Each line from the first line of the entries through the line holding "企業吸引求職者的主要優勢排名" is to be restated word for word; nothing else, and no picture, belongs in the answer.

# # # #

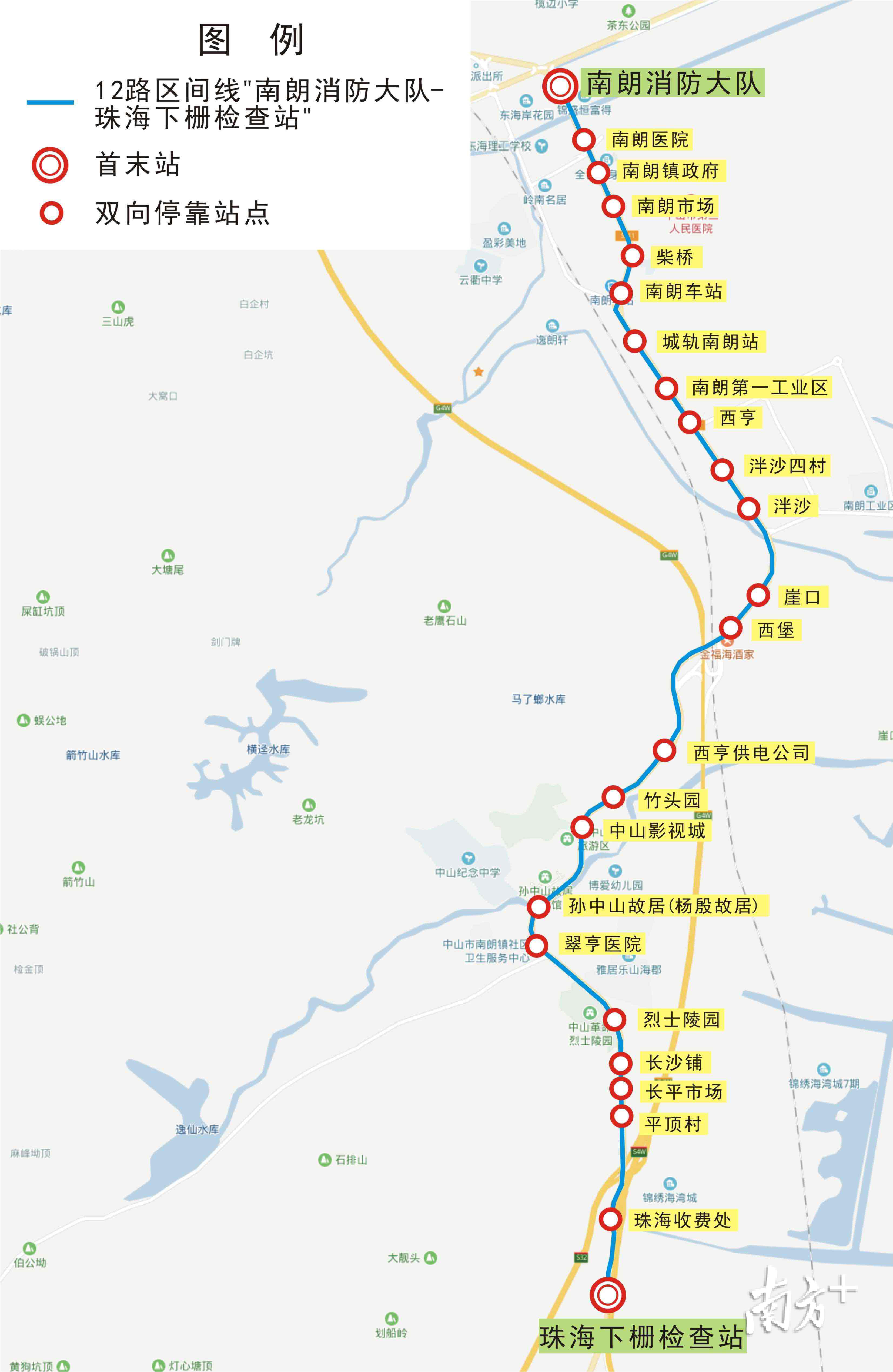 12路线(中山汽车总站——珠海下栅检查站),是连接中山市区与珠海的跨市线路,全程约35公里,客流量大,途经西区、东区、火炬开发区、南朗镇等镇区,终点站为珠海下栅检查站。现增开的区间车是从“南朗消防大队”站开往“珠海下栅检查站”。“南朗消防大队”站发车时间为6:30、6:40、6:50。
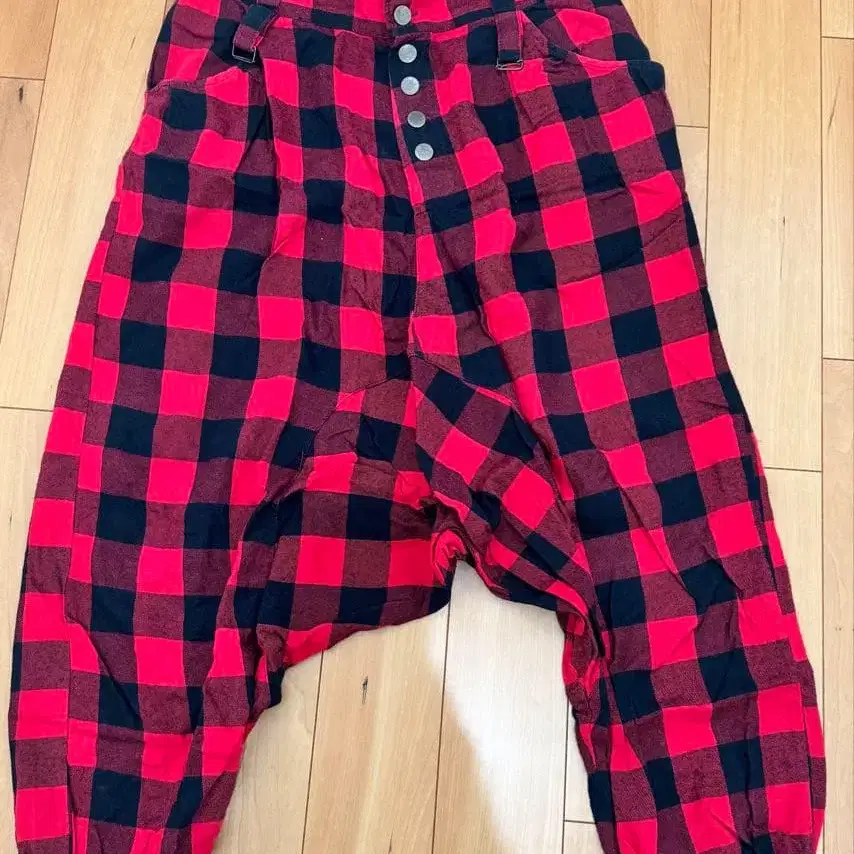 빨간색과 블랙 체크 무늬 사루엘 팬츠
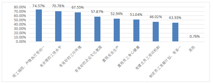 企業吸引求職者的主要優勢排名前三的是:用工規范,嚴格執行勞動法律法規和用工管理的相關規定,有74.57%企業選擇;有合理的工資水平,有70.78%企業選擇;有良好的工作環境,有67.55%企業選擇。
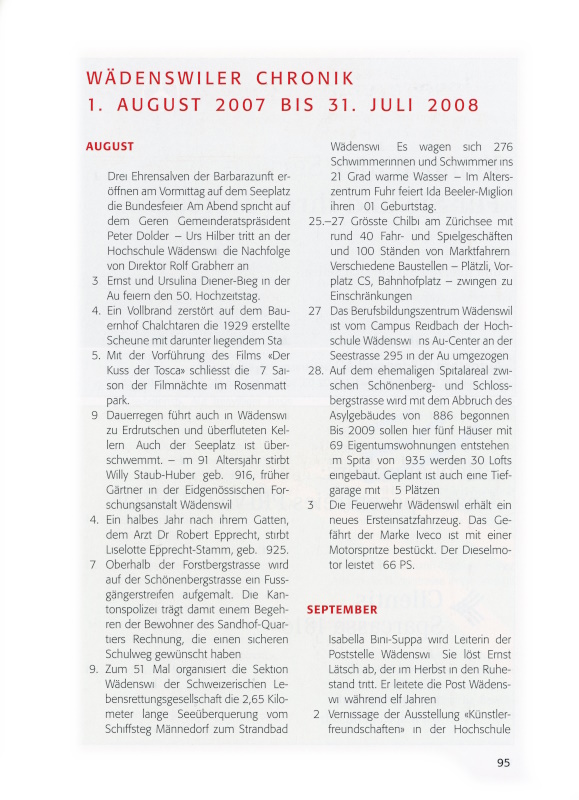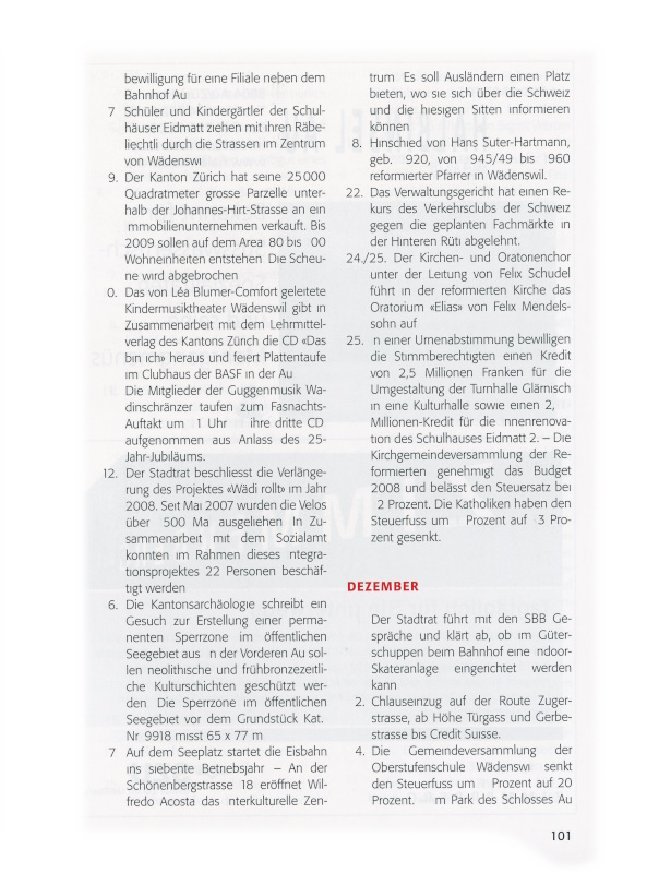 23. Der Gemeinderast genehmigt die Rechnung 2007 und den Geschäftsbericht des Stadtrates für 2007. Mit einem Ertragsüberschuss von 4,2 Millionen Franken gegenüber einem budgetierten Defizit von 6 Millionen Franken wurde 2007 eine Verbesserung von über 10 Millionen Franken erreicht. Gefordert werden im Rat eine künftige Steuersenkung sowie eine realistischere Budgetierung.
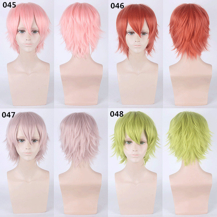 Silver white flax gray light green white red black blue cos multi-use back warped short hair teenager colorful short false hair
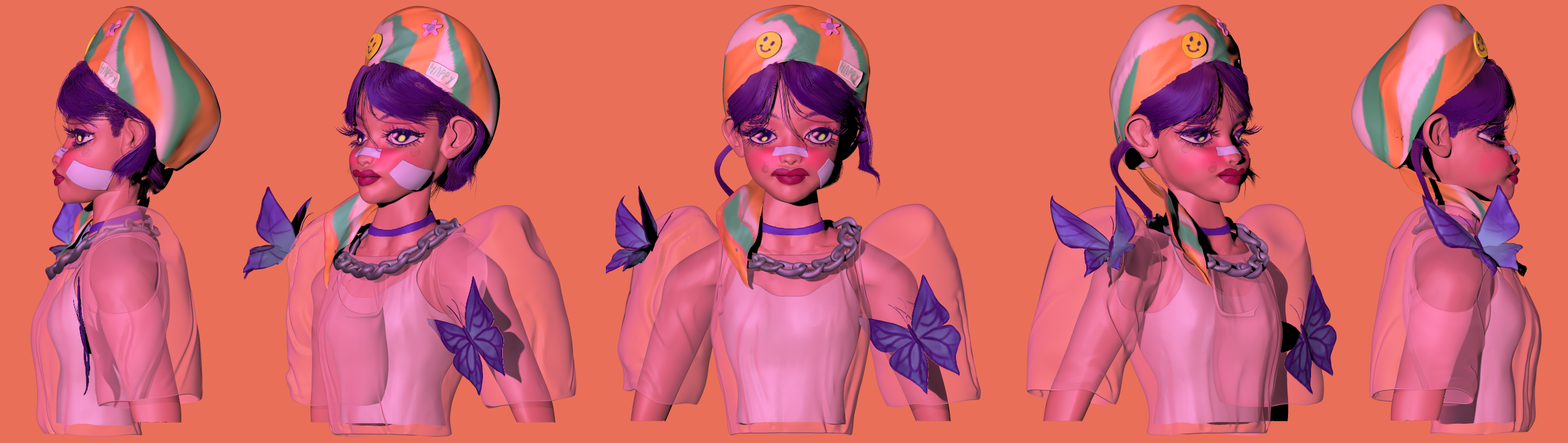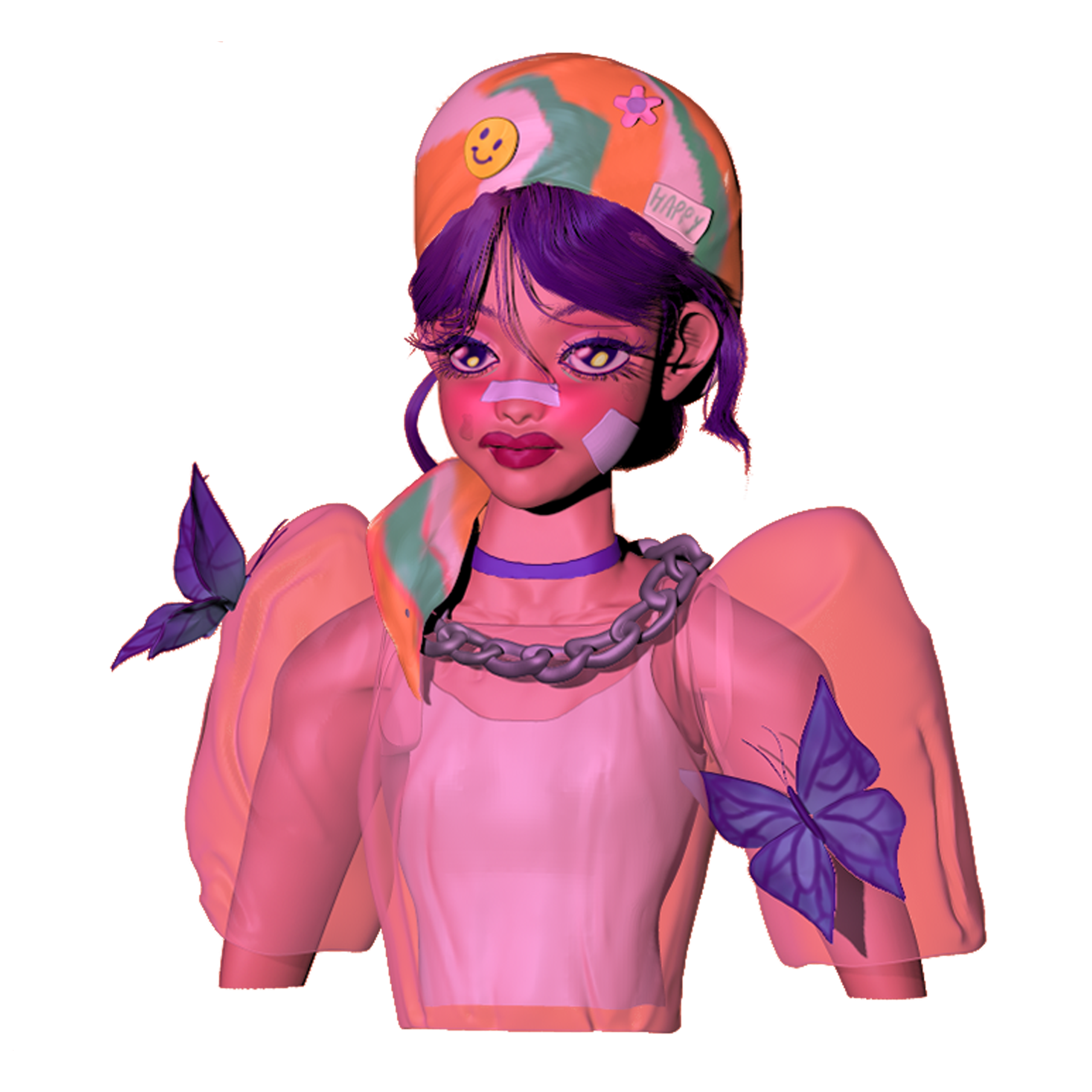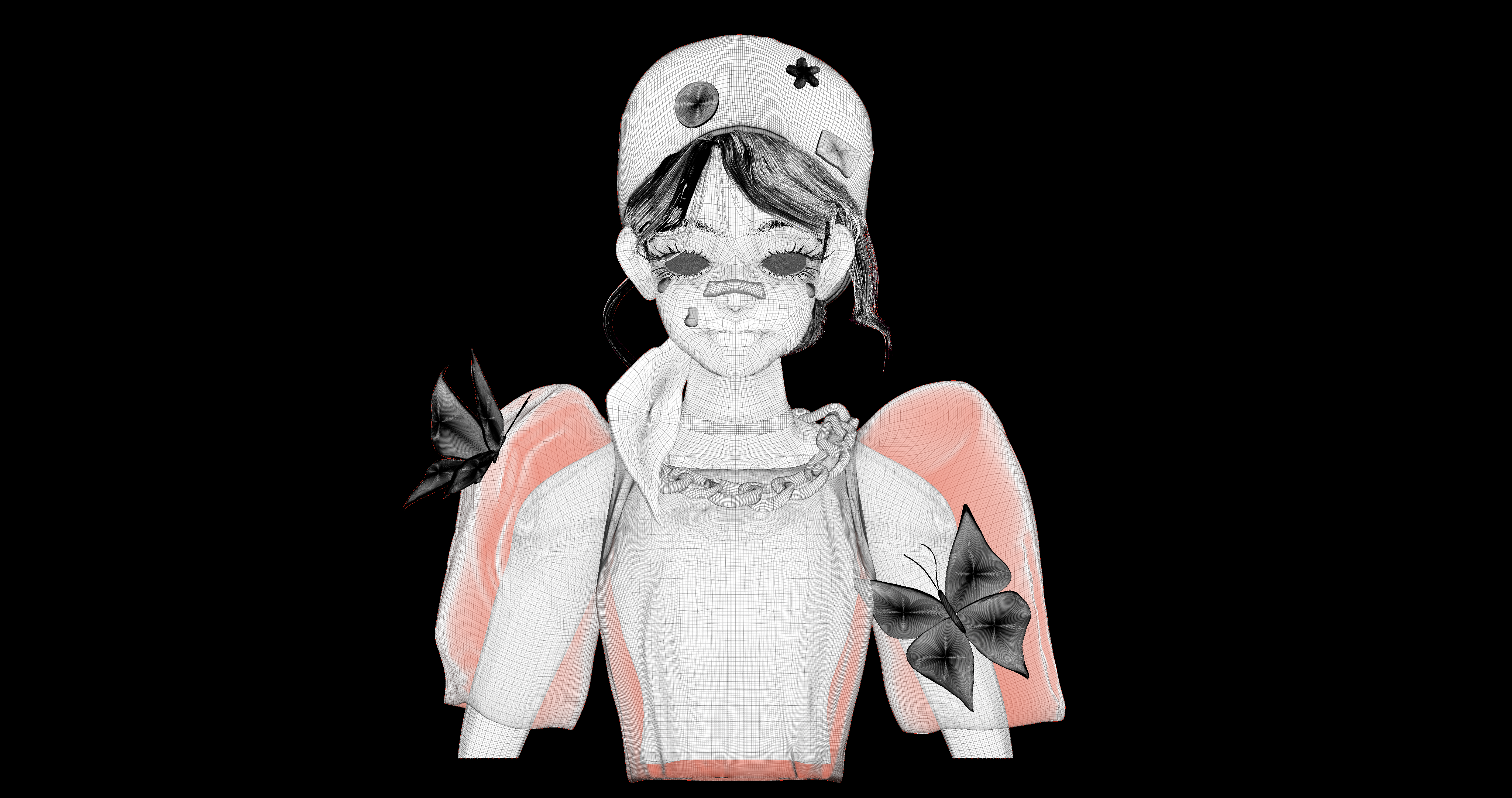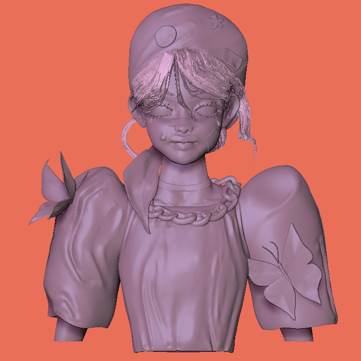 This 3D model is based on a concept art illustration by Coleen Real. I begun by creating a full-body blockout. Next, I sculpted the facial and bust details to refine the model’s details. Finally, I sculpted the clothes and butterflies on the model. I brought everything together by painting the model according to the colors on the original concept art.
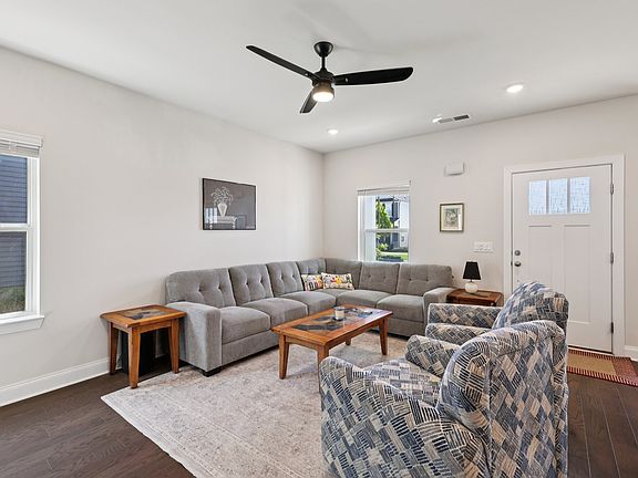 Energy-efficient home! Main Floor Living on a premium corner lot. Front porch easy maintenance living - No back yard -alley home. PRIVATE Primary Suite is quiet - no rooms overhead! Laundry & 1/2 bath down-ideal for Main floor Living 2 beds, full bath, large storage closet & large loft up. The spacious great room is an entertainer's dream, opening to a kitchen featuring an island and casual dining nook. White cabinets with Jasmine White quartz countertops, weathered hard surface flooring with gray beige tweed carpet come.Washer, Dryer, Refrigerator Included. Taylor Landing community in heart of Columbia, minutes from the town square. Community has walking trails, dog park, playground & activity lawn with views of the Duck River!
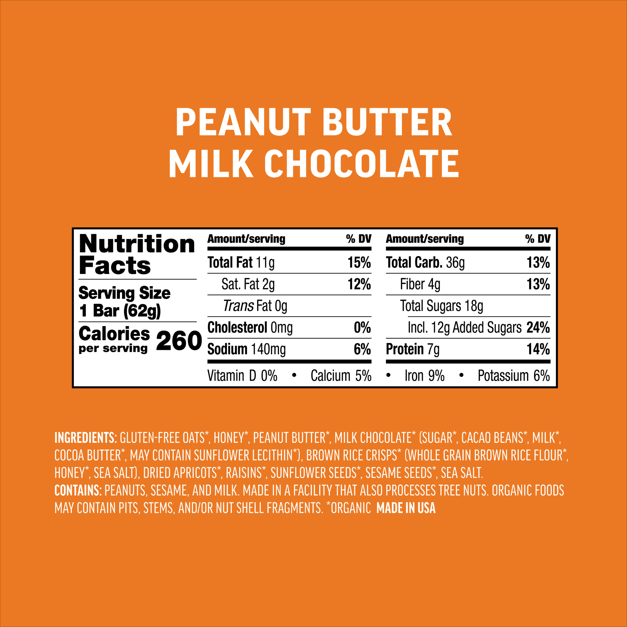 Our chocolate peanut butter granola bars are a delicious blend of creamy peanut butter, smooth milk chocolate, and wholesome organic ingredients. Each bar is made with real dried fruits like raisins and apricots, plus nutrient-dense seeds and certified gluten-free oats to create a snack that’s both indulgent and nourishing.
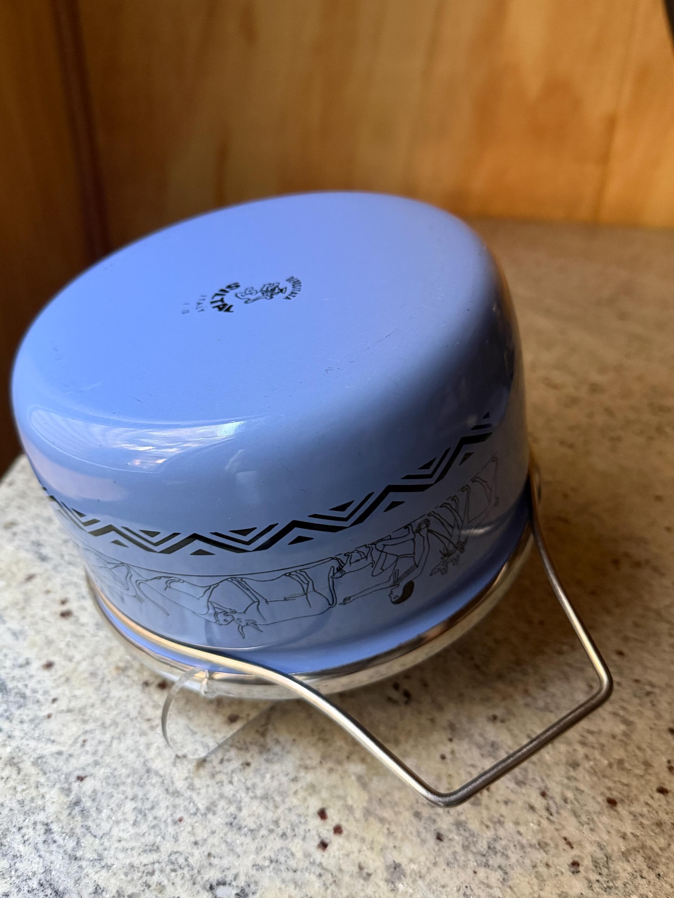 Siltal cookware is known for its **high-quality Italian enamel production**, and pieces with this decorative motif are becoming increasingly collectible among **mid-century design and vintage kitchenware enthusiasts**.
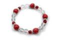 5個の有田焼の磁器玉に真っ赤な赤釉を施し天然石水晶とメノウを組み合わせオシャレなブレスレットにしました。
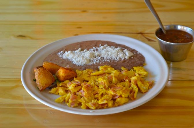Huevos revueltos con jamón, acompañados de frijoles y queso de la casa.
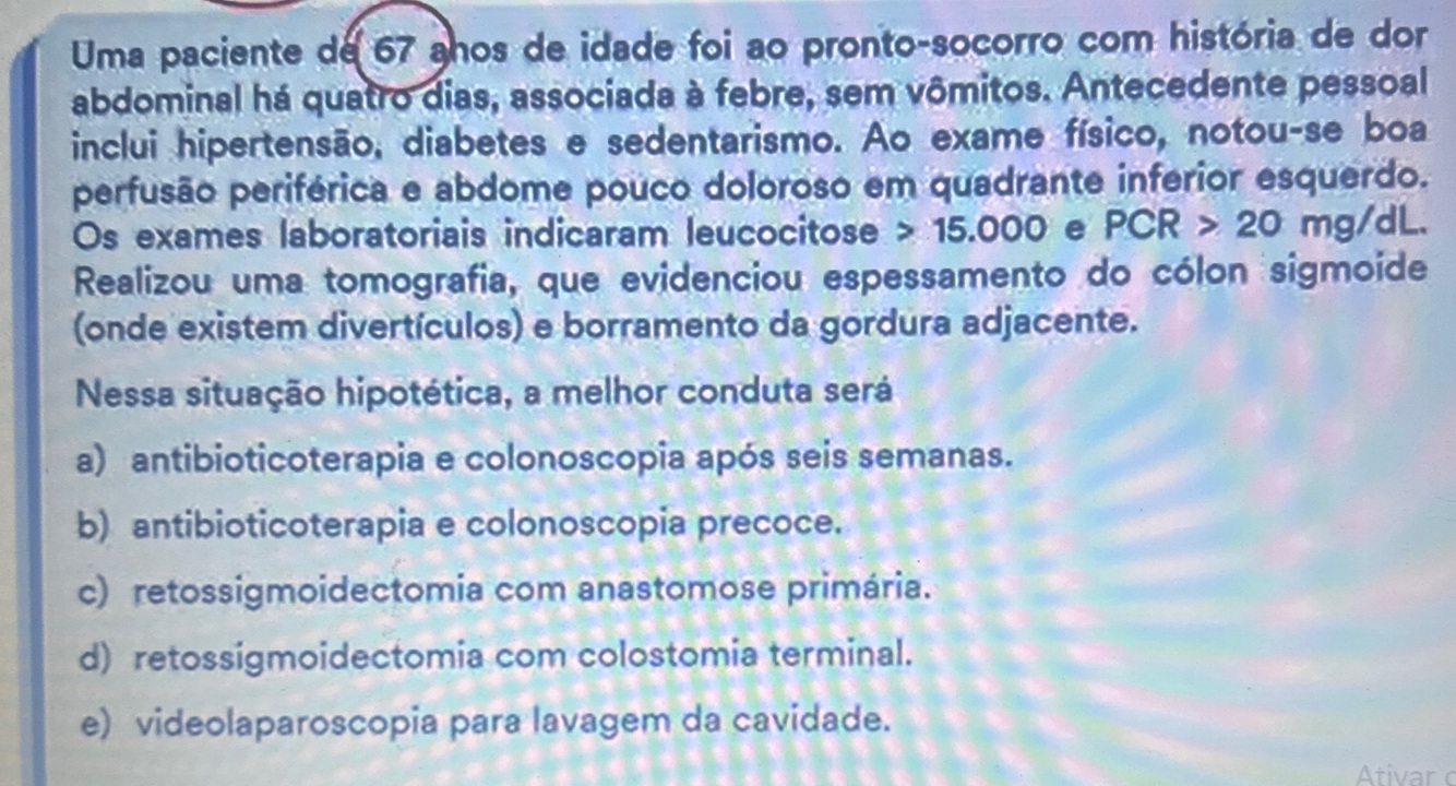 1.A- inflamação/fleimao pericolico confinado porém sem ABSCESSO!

# # # #

§ **Answer box**
 12路线(中山汽车总站——珠海下栅检查站),是连接中山市区与珠海的跨市线路,全程约35公里,客流量大,途经西区、东区、火炬开发区、南朗镇等镇区,终点站为珠海下栅检查站。现增开的区间车是从“南朗消防大队”站开往“珠海下栅检查站”。“南朗消防大队”站发车时间为6:30、6:40、6:50。
 빨간색과 블랙 체크 무늬 사루엘 팬츠
 企業吸引求職者的主要優勢排名前三的是:用工規范,嚴格執行勞動法律法規和用工管理的相關規定,有74.57%企業選擇;有合理的工資水平,有70.78%企業選擇;有良好的工作環境,有67.55%企業選擇。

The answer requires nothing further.